How can we leverage natural language processing of social media posts to map natural disasters?
Goal: Flag specific social media messages that have "Urgent Help" content and map their location.
- Identify people that need help from the urgency of their social media posts.
- Pinpoint their specific location and alert emergency response agencies.
Data & Modeling
- We collected data from Twitter's API and third-party databases (Figure Eight and Kaggle)
- Twitter API: Data accessed within 50 miles of Mexico Beach within the week surrounding landfall of Hurricane Michael.
- Only geolocated tweets were used for this portion of the project.

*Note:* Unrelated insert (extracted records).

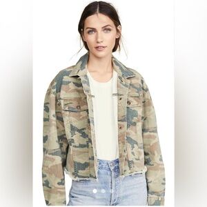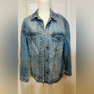 Stylish light blue denim jacket. Distressed details. Button-up front. Casual and trendy.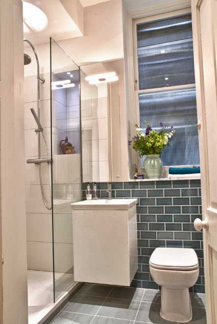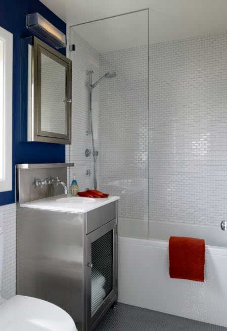 Большая серая плитка для ванной и голубая плитка-мозаика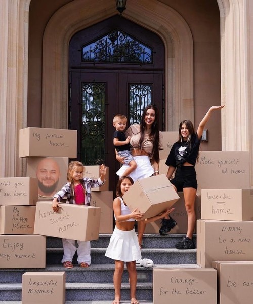 Звездная семья обосновалась на новом месте два дня назад Бизнесвумен опубликовала кадры, на которых позирует с дочками и сыном возле двери нового особняка. Дети радостно держат коробки, а на одной из них красуется… портрет Джигана. Оксана объяснила, в чем дело.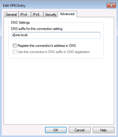 VPN name resolution is a common problem for many IT folk.  I have addressed in in previous blogs by manually configuring the VPN client to point to the corporate server for DNS, and adding the corporate domain suffix.  This is not practical as it has to be done on every computer on which the VPN client was configured.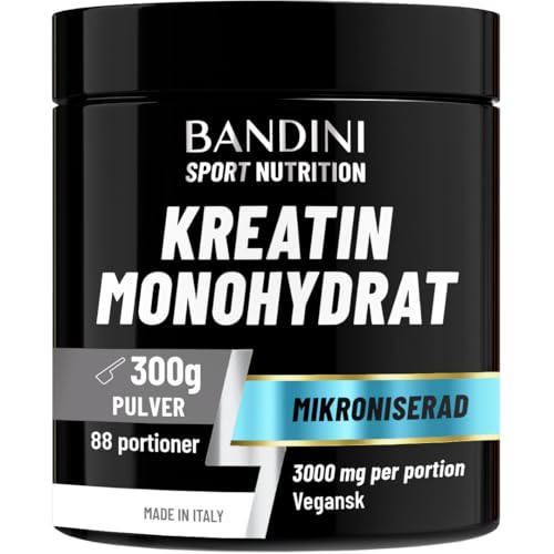 Bandini® Micronized Creatine Monohydrate i 100% rent pulver - Tillskott för träning, sport, gym och före ansträngning - Inkluderar dispenser - Vegansk - Baserat på kreatinmonohydrat

- We examined the data and manufactured our own labels for classification, based on prevelance of urgent, traumatic language. These labels were proxies for "Urgent" and "Non-Urgent". The original data was not labeled in this manner. Non-urgent language in this dataset typically came from transcribed and translated phone-calls from impoverished, developing areas after natural disasters.

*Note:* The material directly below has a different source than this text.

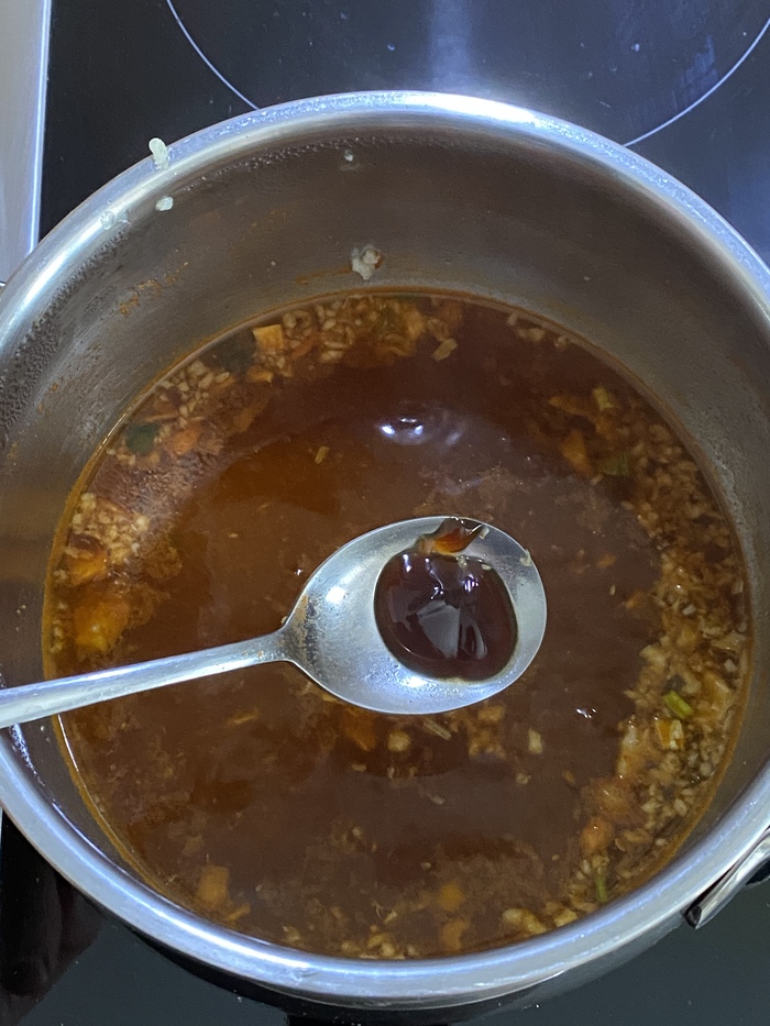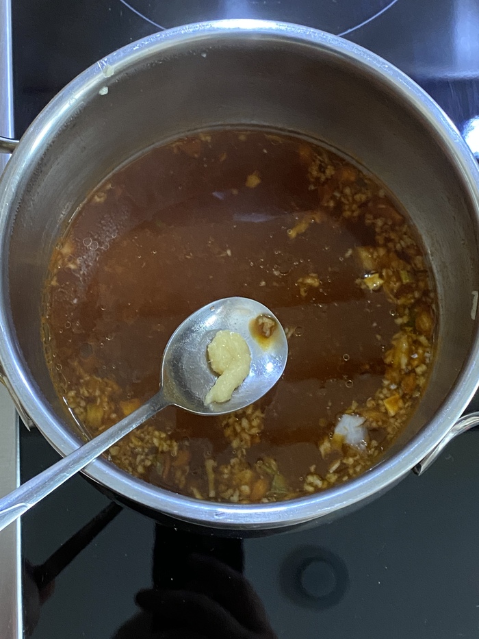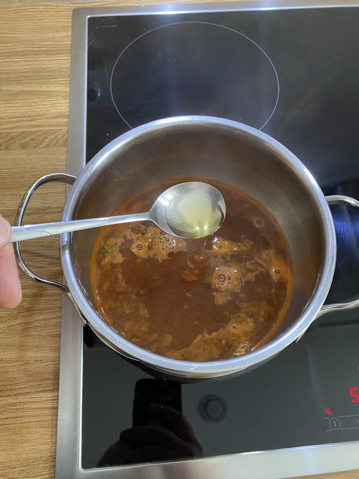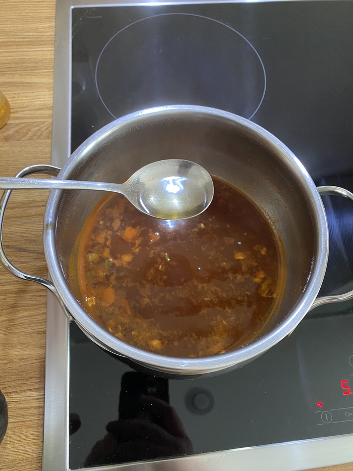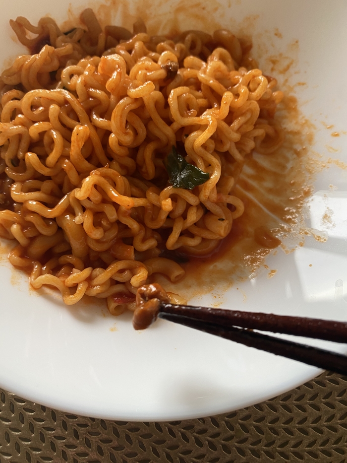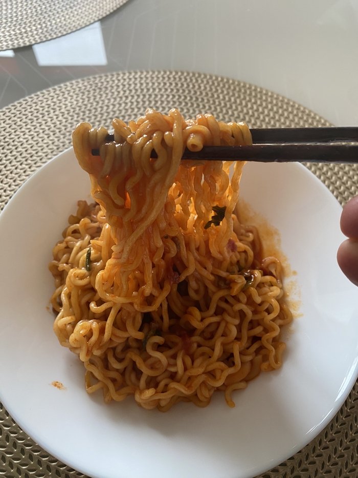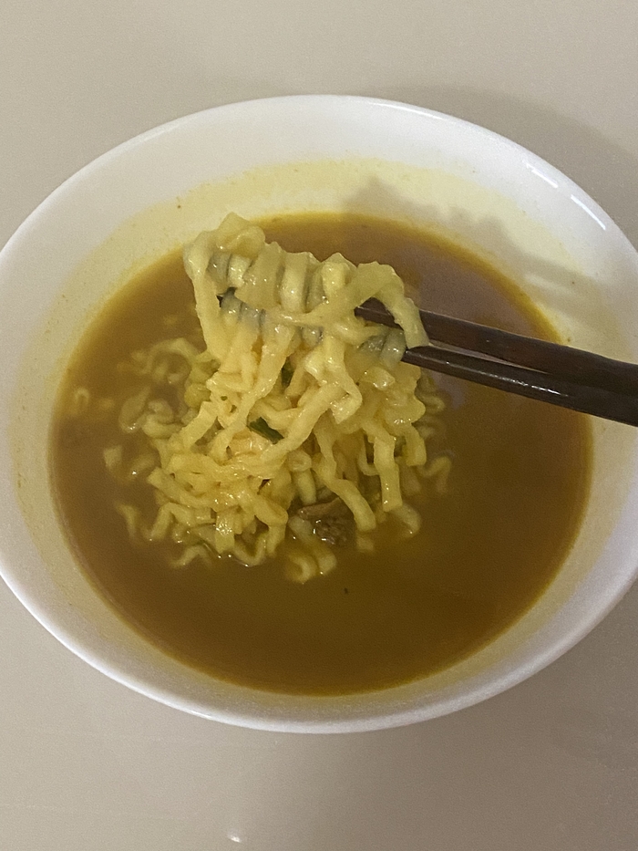 Аромат у этой лапши густой и очень насыщенный. Запах карри буквально въедается в рецепторы, даже как-то страшно пробовать. Бульон получился очень насыщенным, вязким и ядреным. Попробовав всего пару ложек этого варева, я понял две вещи. Первое - доедать я точно не стану и второе - я не люблю карри. Раньше как-то ел, ходил пару раз в популярный в прошлые годы, ресторан Тадж-Махал где повара были сплошь индусы. На объекте где работаю шеф-повар, долгое время был индус, так что карри в меню бывало часто. В общем ел я его, не фанател, но ел. Сейчас наверное, что-то поменялось и я понимаю, что больше точно не стану это есть. Лапша сама по себе не плохая, но этот вкус, он слишком сильный и приторный. Острый, но какой-то неприятный. В общем…

- We preprocessed our data (tokenize, lemmatize/stem) to prepare the data for classification using Bag-of-Words Natural Language Processing and Logistic Regression Classification models.
- First model: Identify social media messages in urgent need of help after a natural disaster. The model could be applied to a specific location based on current maps or information regarding location of natural disaster impact. Geolocation must be enabled for flagged posts to be mapped.

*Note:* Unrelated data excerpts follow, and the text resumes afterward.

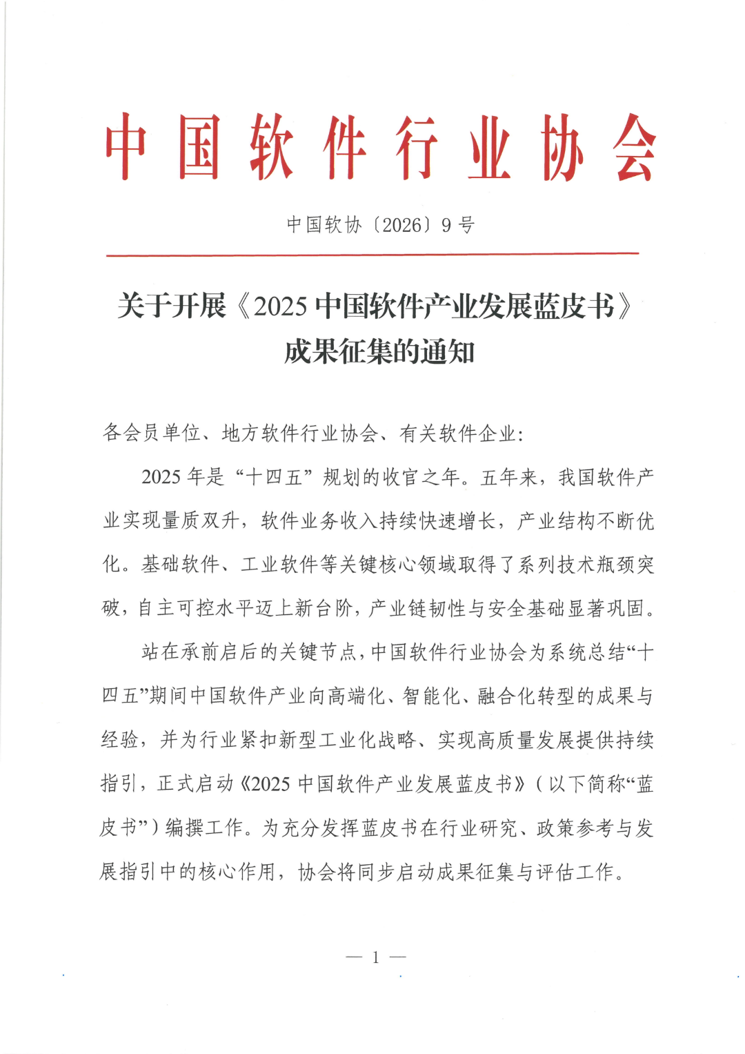 关于开展《2025中国软件产业发展蓝皮书》成果征集的通知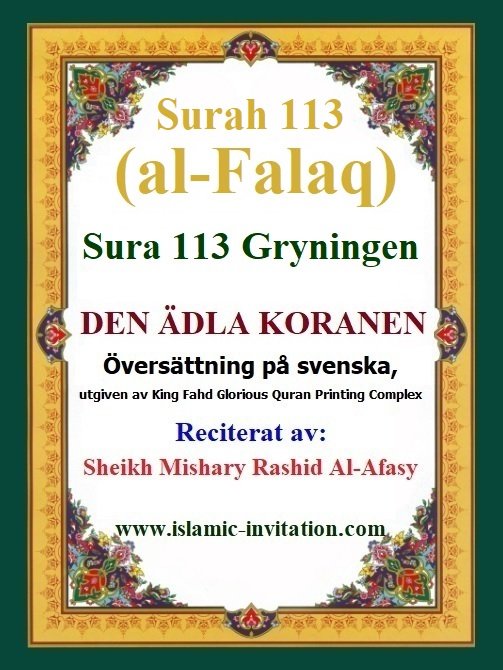 Sura 113 Gryningen Surah 113 (al-Falaq) – DEN ÄDLA KORANEN - Översättning på svenska, utgiven av King Fahd Glorious Quran Printing Complex - Reciterat av Sheikh Mishary Rashid Al-Afasy. An audio translation of Surah al-Falaq from the Noble Quran in the Swedish language - recited by Sheikh Mishary Rashid Al-Afasy ترجمة صوتية لسورة الفلق من القرآن الكريم باللغة السويدية – تلاوة الشيخ مشاري راشد العفاسي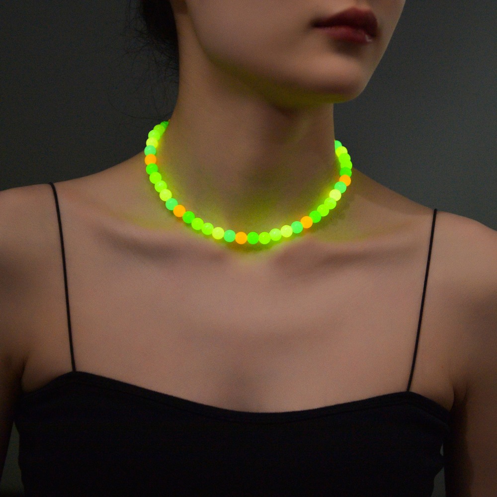 ボヘミアンホリデースタイル発光ランダムアクリルカラービーズレディース鎖骨チェーンネックレス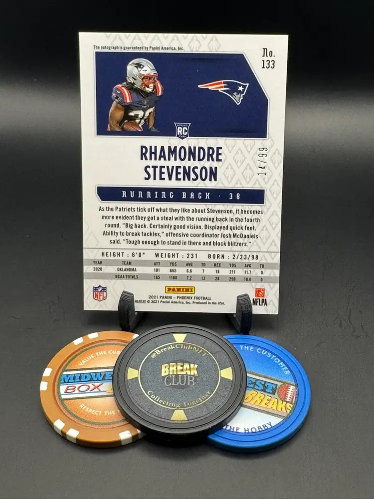 Rhamondre Stevenson Rc Auto 14/99 Silver Lazer Prizm Refractor 2021 Phoenix New England Patriots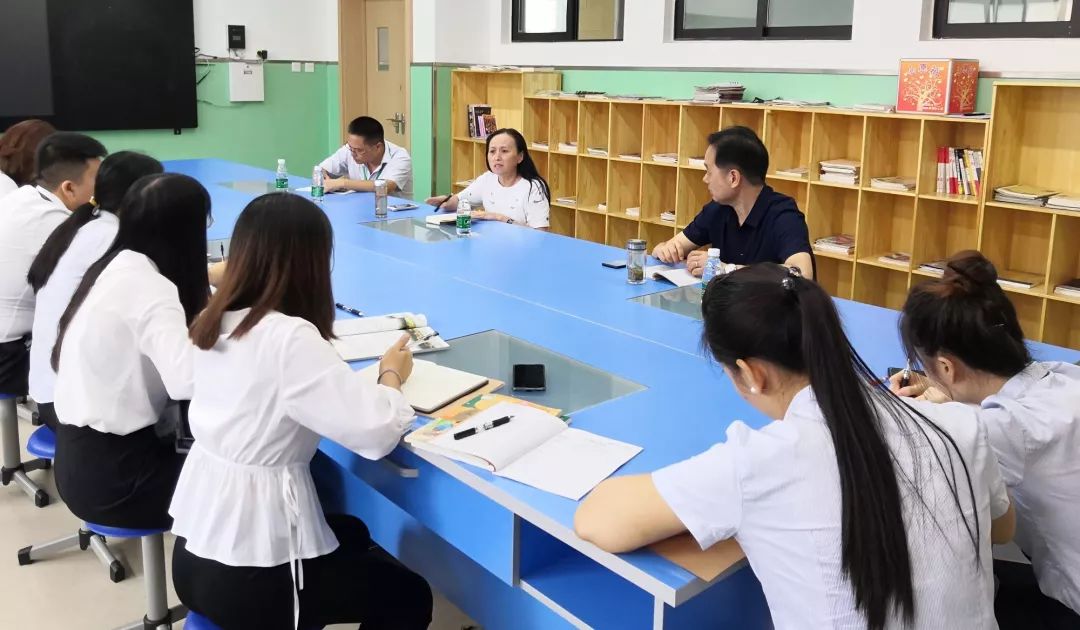 劉裕權教授分別與小學、初中行政領導分享了教育教學中的管理經驗,并與自貢市教科所語文教研員羅世英、富順縣教研室主任王萬祥一起來到小學部,聽取了語文組羅珊老師講授的《觀潮》一課。課后,劉教授從教材新教法的角度提出了寶貴建議,要求每一位教師刻苦鉆研教材,打開思路,做到與時俱進。

- Second model: Given a time frame and radius, predict whether a disaster occured based on prevelance of "urgent help" type language. This model could provide an initial scan of broader geographic ranges for more selective deploymet of a robust natural language processing model, like model 1.
- Social media is full of reposted, news-type or informational messages regarding natural disasters.
- Urgent messages often do not include descriptive details about the natural disaster in question.
- Models do well at learning text data associated with labeled groups. They can be applied to unrelated data and mirror similar trends. However, effectively creating proxy labels is very difficult. This results in extensive noise and decreases model effectiveness and generalizability.
Recommendations & Next Steps
- Disaster response organizations should partner with social media to access geolocation data during natural disasters. Without access to large geolocated datasets, models will lack the geospatial data necessary for improved model performance.
- Clustering and sentiment analyses could be used to train models to learn sentiments and language context.
- More complex NLP tools, like Neural Networks or Word2Vec, could better learn words associated with survivors in urgent need of help.